Sounds: The Sound Change Applier

sounds: The Sound Change Applier

This page describes a simple program which can apply a set of sound changes to a lexicon. You can use sounds to help work out a reconstruction for actual languages, to create plausible descendants of a conlang, or in fact to make any structured set of lexical changes to a database of words.

I suggest using the more powerful SCA² instead. It has many more features, works in your browser, and supports Unicode.

The program is available in three forms. Please note: right-click on the links to the executables, pick Save Target As, and save them to your disk.

C source code, which you can compile on any system (I've used it successfully on Windows, Unix, and MacOS), and modify for your own use
a Windows executable.
A Mac executable, which you can download either in MacBinary II or BinHex (hqx) format.

[ Back to the Language Construction Kit ]
[ Back to Metaverse ]

Basic operation

sounds reads a text file containing a lexicon, applies a set of sound changes described in another text file, and outputs the results to a third file (and to the screen).

For instance, sounds will take the two input files on the left and produce the output file on the right:

latin.lex port.sc port.out

lector
doctor
focus
jocus
districtus       
civitatem
adoptare
opera
secundus

V=aeiou
C=ptcqbdgmnlrhs     
F=ie
B=ou
S=ptc
Z=bdg
s//_#
m//_#
e//Vr_#
v//V_V
u/o/_#
gn/nh/_
S/Z/V_V
c/i/F_t
c/u/B_t
p//V_t
ii/i/_
e//C_rV

leitor 	[lector]
doutor 	[doctor]
fogo 	[focus]
jogo 	[jocus]
distrito 	[districtus]
cidade 	[civitatem]
adotar 	[adoptare]
obra 	[opera]
segundo 	[secundus]

The command line

The program can be run with command line parameters (all of which are optional):

sounds latin port control-parameters

The control parameters are one of the following: -p -b -l -f -.

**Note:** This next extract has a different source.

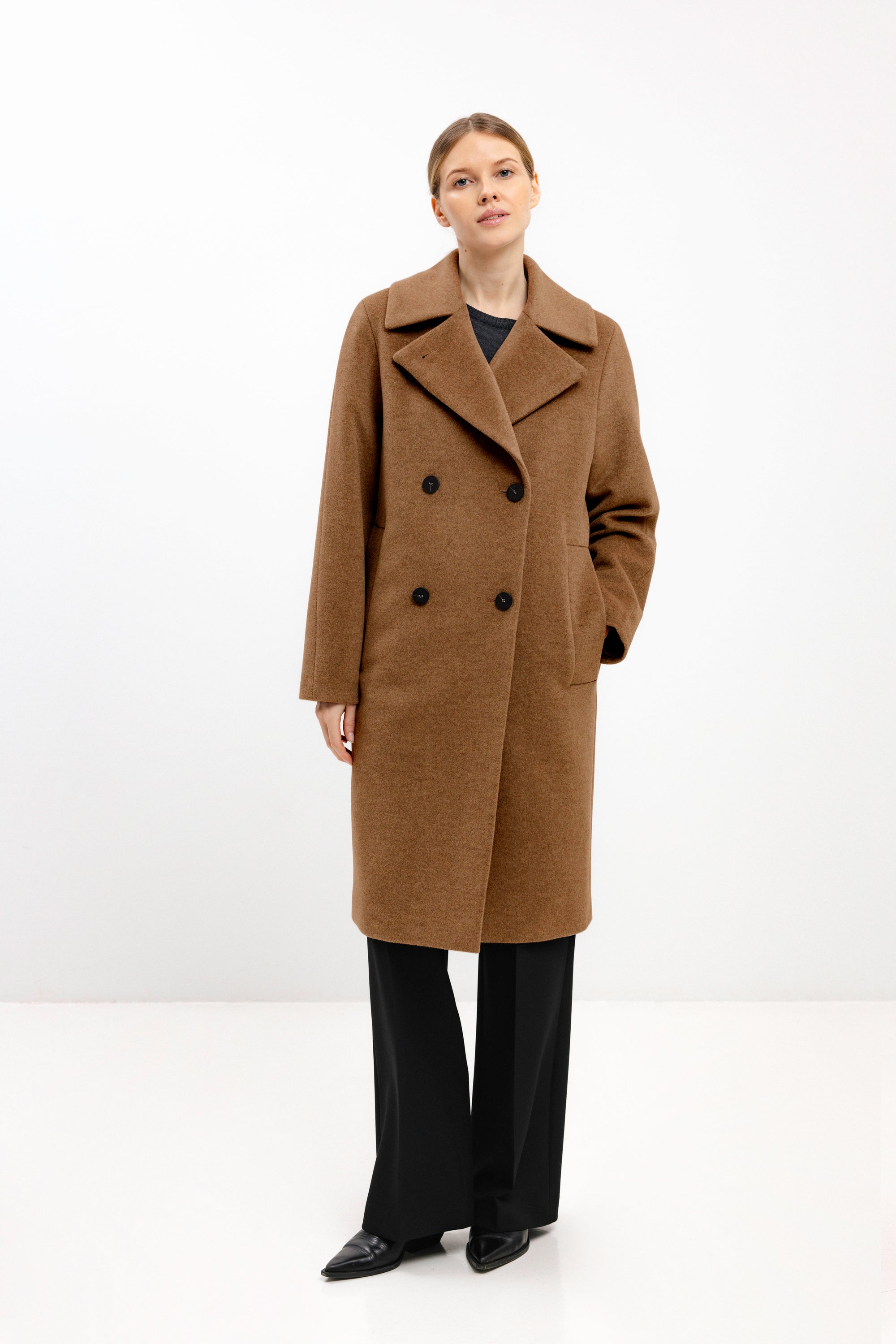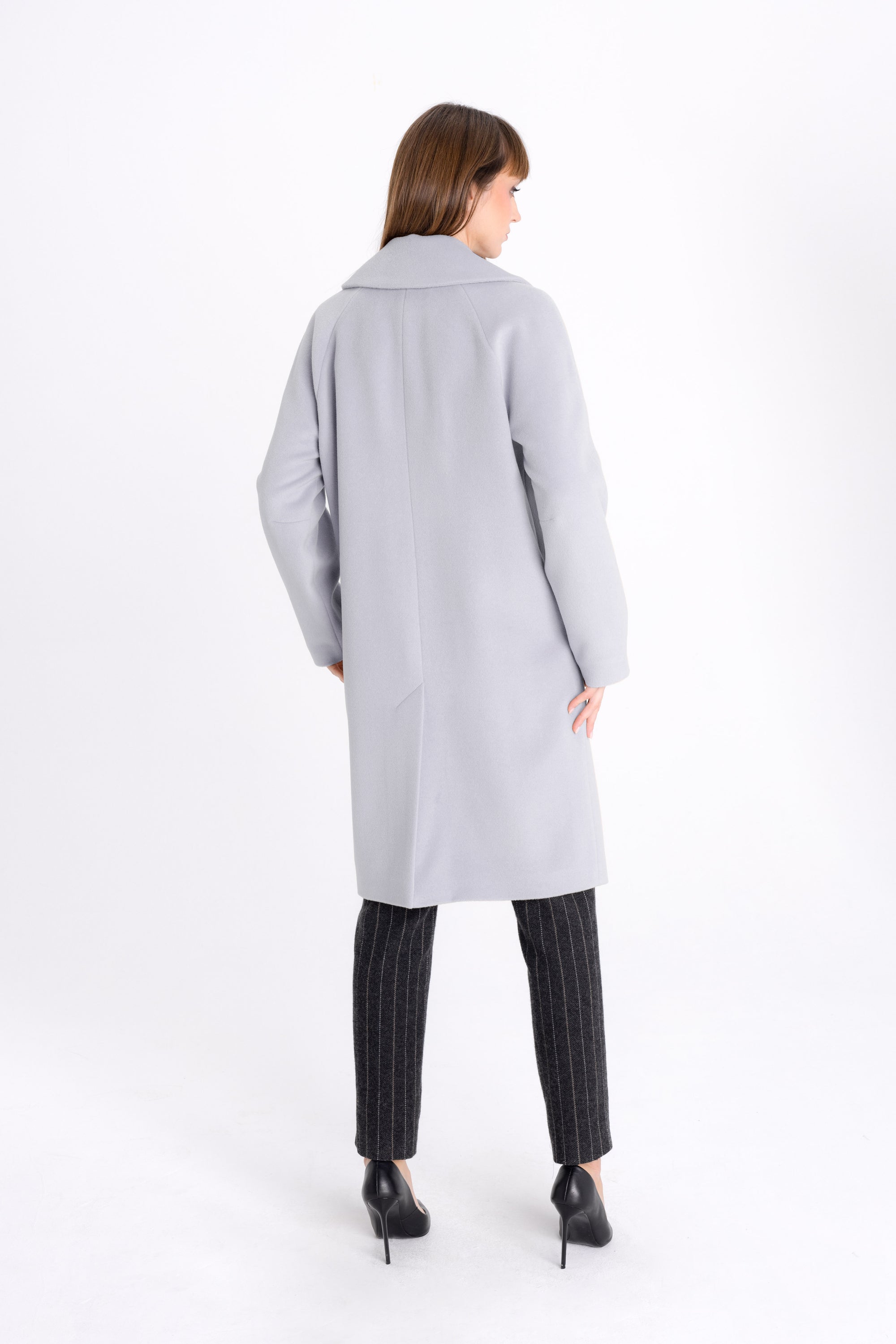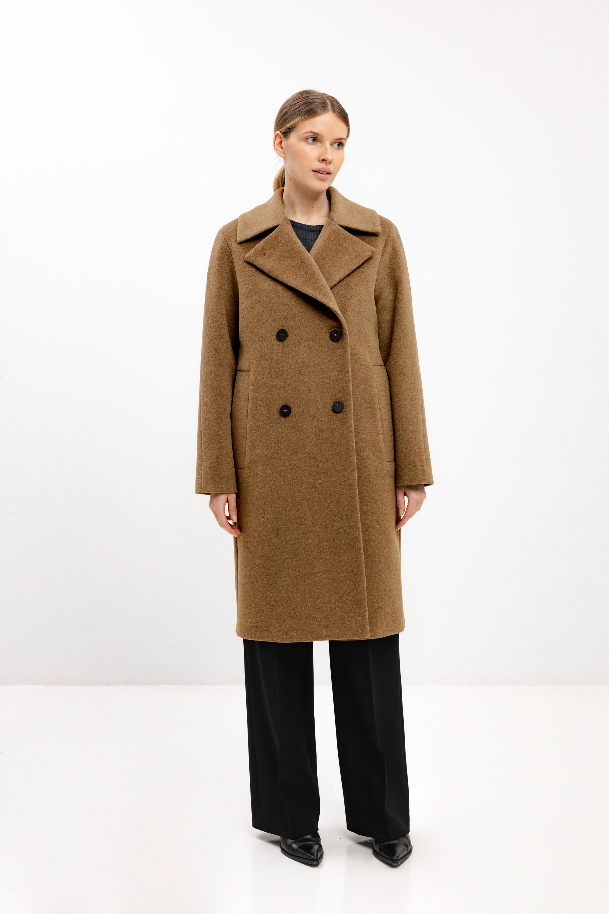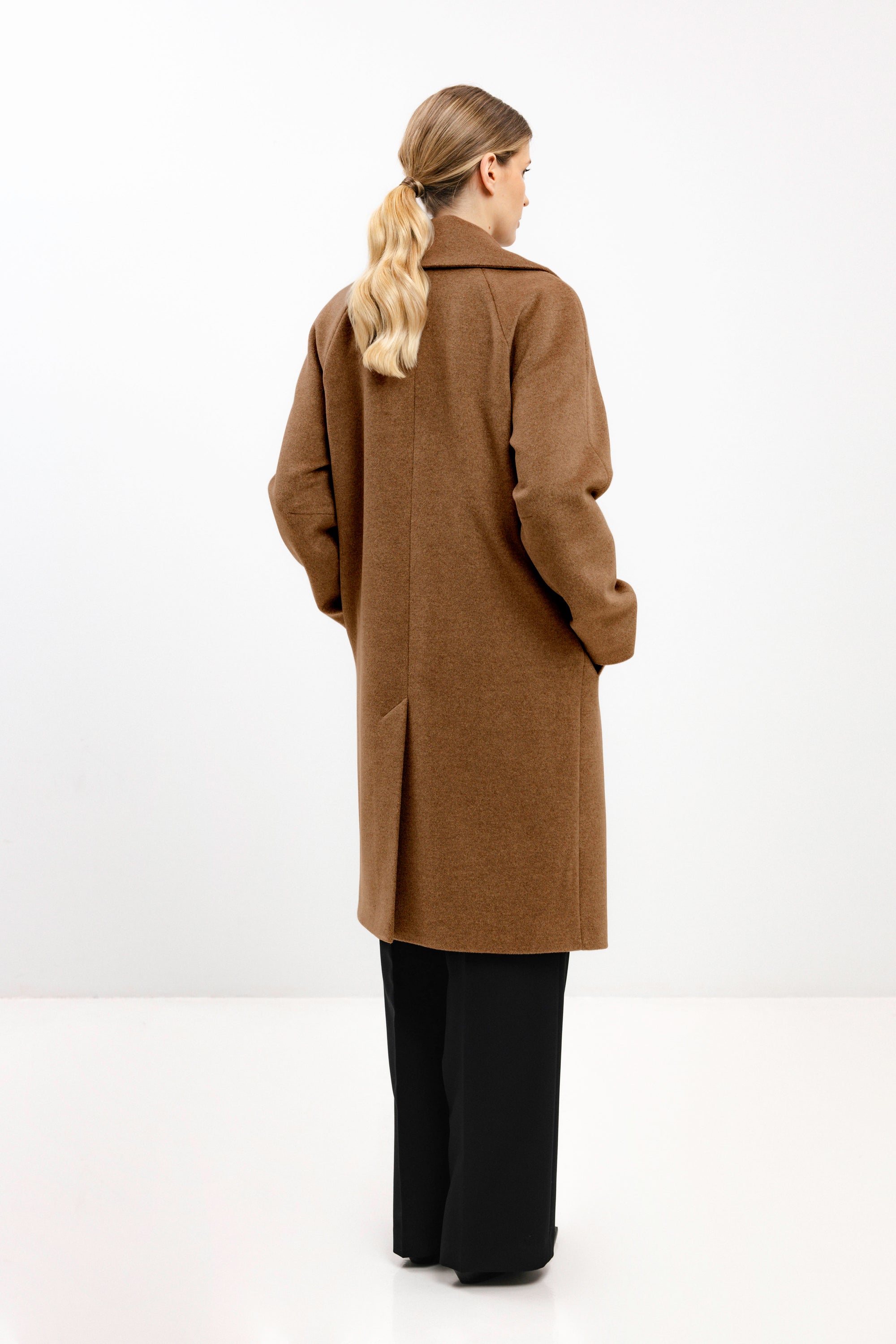 SMĖLINIO MELANŽO ATSPALVIO TIESUS PALTAS SU KAŠMYRU

-p tells sounds to print out which rules apply to each word: s-> /_# applies to secundus at 7

-b prints the output with the original word in brackets (suitable for using as the basis of a lexicon with etymologies): leitor [lector]
Without this parameter, the output looks like this: lector --> leitor

-l overrides -b if present) and omits the source word from the output, leaving only output words, like this:
leitor
The resulting output file is suitable for use as a new .lex file. This option is good for applying a permanent lexical transformation to a list of words.

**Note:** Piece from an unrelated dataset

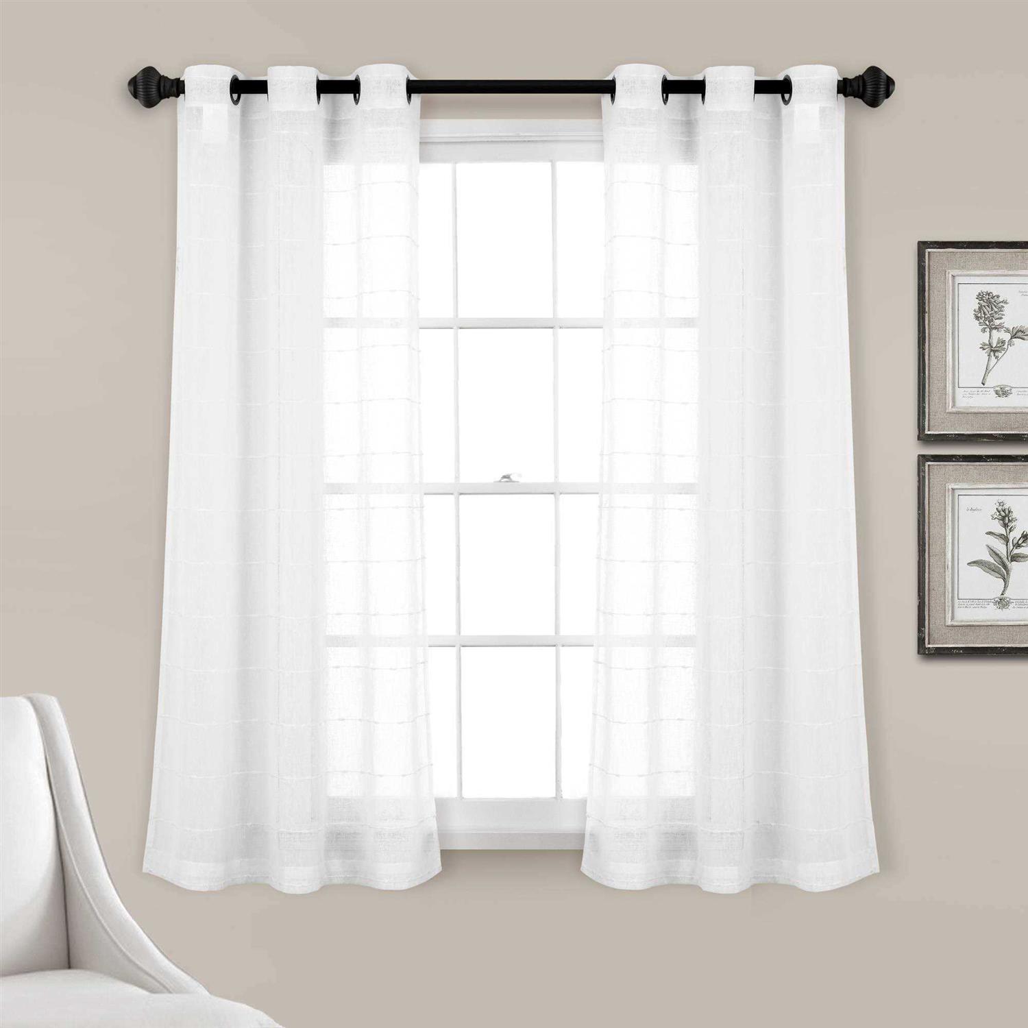 Lush Decor Farmhouse Textured Grommet Sheer Window Curtain Panels Bleach White 38X63 Set

-f directs output to the output file only, rather than to both the screen and the file. This option is useful for very long vocabulary lists.

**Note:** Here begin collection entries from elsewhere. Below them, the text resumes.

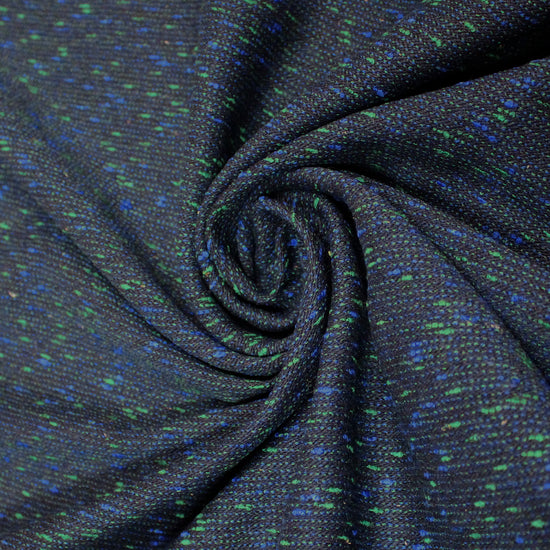 From designer deadstock and made in Italy, this is a very special, textured woven in a lighter suiting or coating weight. The design features an irregular mix of cobalt and emerald yarns, with a micro-dash that runs widthwise with the occasional slub that creates a pop of color. With its midnight blue background, this is an ultra sophisticated way to wear color. The warp is black and the weft combines midnight blue, cobalt and emerald, creating an overall impression from a distance of a dark blue. It is soft and comfortable, not at all dense but opaque with body in the drape. Make a stunning lined or unlined jacket, suit, overshirt, trousers, structured dress or skirt, etc. Dry cleaning is recommended.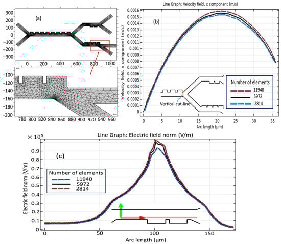 All the results were generated using a highly developed grid of computation, as depicted in Figure 3a, and the computation grid is made up of inner triangular elements that enable the modeling process. Care was taken to select a standard element size for the appropriate meshing of the proposed model. This mesh consists of 5972 domain elements presenting the volumetric accounts inside the model and 500 boundary elements constituting the interface of the domain from the surroundings. The grid independence study is conducted utilizing a varied number of mesh elements. Figure 3b,c illustrate the velocity profile in the x-direction and electric field intensity along the vertical cut line. As demonstrated in Figure 3b, the disparity in the channel’s velocity profile when employing a range of grid resolutions is insignificant. Therefore, a configuration of the channel comprising 5972 constituents with an average grid was chosen.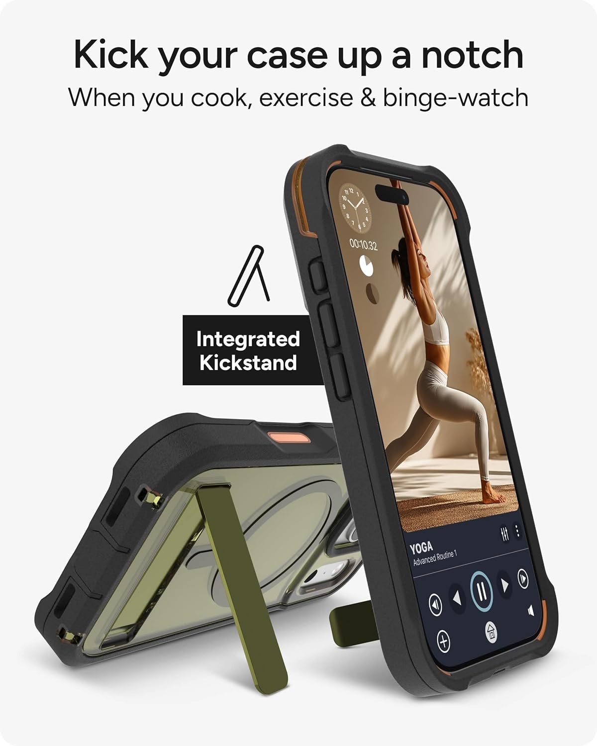 BUILT-IN KICKSTAND - Designed for hands-free use, the integrated kickstand of this magnetic iPhone case holds your phone securely in portrait or landscape mode for calls, streaming, cooking, or workouts, folding flush with the case when not in use

The first two non-control parameters are taken as filenames: the first gives the name of the .lex file, containing the lexicon; the second gives the name of the .sc file, containing the sound changes or lexical rules to apply. The extensions should be left off.

If filenames are given, the program will run once, against the selected files, and then exit.
If no filenames are given, the program will ask for the input files, produce the output, and ask for more files, continuing till you enter q to quit.

Output will be printed to the screen, and also written to a file name.out where name is the name of the .sc file: in the example above, port.out.

I find myself running the program multiple times, tweaking the rules or the vocabulary in between runs.

Common Windows problems

To use command line parameters you have to have a command line. That means running the program in a command window. Look under Programs/Accessories and run Command Prompt. Now type cd plus the name of the directory where you downloaded sounds-- e.g. cd c:\downloads\. As with all commands in the command prompt, hit Enter. Now you can run sounds as described above.
If sounds says your file could not be read in and you're sure it's there-- you probably have file extensions turned off, and what you think is a .lex or .sc file is really a Notepad (.txt) file. The easiest thing to do is to re-save the file as a real .lex file. In Notepad, for instance, change the "Save as type" dropdown to "All files" instead of "Text documents". Then it won't add .txt to your file name. If you've done this right, the file won't have the Notepad icon, and if you double-click it Windows will ask what app to open it with; select Notepad.

The `.lex` file

The .lex file is just a text file, consisting of a list of words, one per line.

The `.sc` file

The key to the operation of sounds is the .sc file. This text file contains two things: definitions of variables, and a set of rules or sound changes.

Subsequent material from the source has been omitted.